Eran las ocho con treinta minutos cuando llegué a casa y yo seguía preguntándome dónde había escuchado esa especie de ritual versificado y qué había sido de las horas de la velada. ¿Adónde se habían ido? Estaba sola y lo único que tenía que hacer era investigar, pero ¿dónde? ¿cómo? ¡Ah, sí! Recordé la tía solterona que murió hace dos años, y mi madre aún guardaba su viejo baúl que seguramente debía contener libros de poesía, porque a ella eso le gustaba mucho. No lo pensé más, fui a buscarlo enseguida. Lo abrí con cierta prisa y mi búsqueda no fue en vano porque encontré varios volúmenes que se desgajaban en amarillentas páginas repletas de versos. Fatigada y somnolienta, localicé el primero: "Una mujer me ha envenenado el alma..." Bécquer. No podía ser otro que el joven de melena ensortijada.

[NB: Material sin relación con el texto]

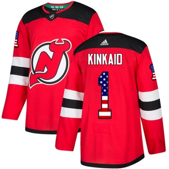 Men's Adidas New Jersey Devils #1 Keith Kinkaid Authentic Red USA Flag Fashion NHL Jersey

Al rato, "Puedo escribir los versos más tristes..." Neruda. Claro, se trataba del hombre de la boina. Sentí como se me iba erizando el pelo a medida que leía aquellos pensamientos.

Descubrí entonces, gracias a las ilustraciones, no sé si con temor o con incredulidad, que aquellos que tejieron animadas pláticas en mi presencia esa noche, y me refiero a ellos solamente porque yo no intervine para nada en su charla, eran nada menos que algunos de los gigantes de la poesía universal. Pablo Neruda, Gustavo Adolfo Bécquer, Gabriela Mistral, Amado Nervo, y por supuesto, Sor Juana Inés de la Cruz. ¡Distintas épocas reunidas en un solo momento!

Pasé de la sorpresa al miedo y de la alegría al llanto, y un ligero cosquilleo recorrió mi cuerpo de la cabeza a los pies; no podía creer que una neófita como yo, una inculta y todo lo demás, hubiese merecido la gloria de compartir aquellas maravillosas horas —porque estoy segura de que fueron horas, aunque el reloj tercamente indicara lo contrario— con seres de tan exquisita sensibilidad que descendieron de su majestuoso pedestal para regalarme el don de su presencia.

Tal vez algún día logre descubrir qué extraños lazos me unieron aquella noche a ese pasado tan lejano y esplendoroso donde quizás el alma se identificaba con la poesía, y la poesía misma transportaba a los más altos peldaños de la fantasía y el éxtasis; un ayer que navegó en las misteriosas aguas del sentir poético de otros seres que, ya desde que pisaron la tierra, debieron ser delicadamente etéreos.

Lo cierto es que desde entonces, todos los sábados al regresar de misa de siete, acudo al mismo lugar y pido una taza de café, una sola, en la misma mesa que cobijó la esencia de su espiritualidad, en espera de que una de tantas noches, cálidas o frías, con luna o sin ella, se produzca la esplendorosa visión de los que envolvieron de magia mi soledad y los vea aparecer por esa puerta; porque presiento que... "por esa puerta habrán de volver un día".



A mi querido maestro, Roberto Villa, por haberme guiado
hacia el rincón de las palabras...

Este relato forma parte de la novela inédita "Embrujo de Abril".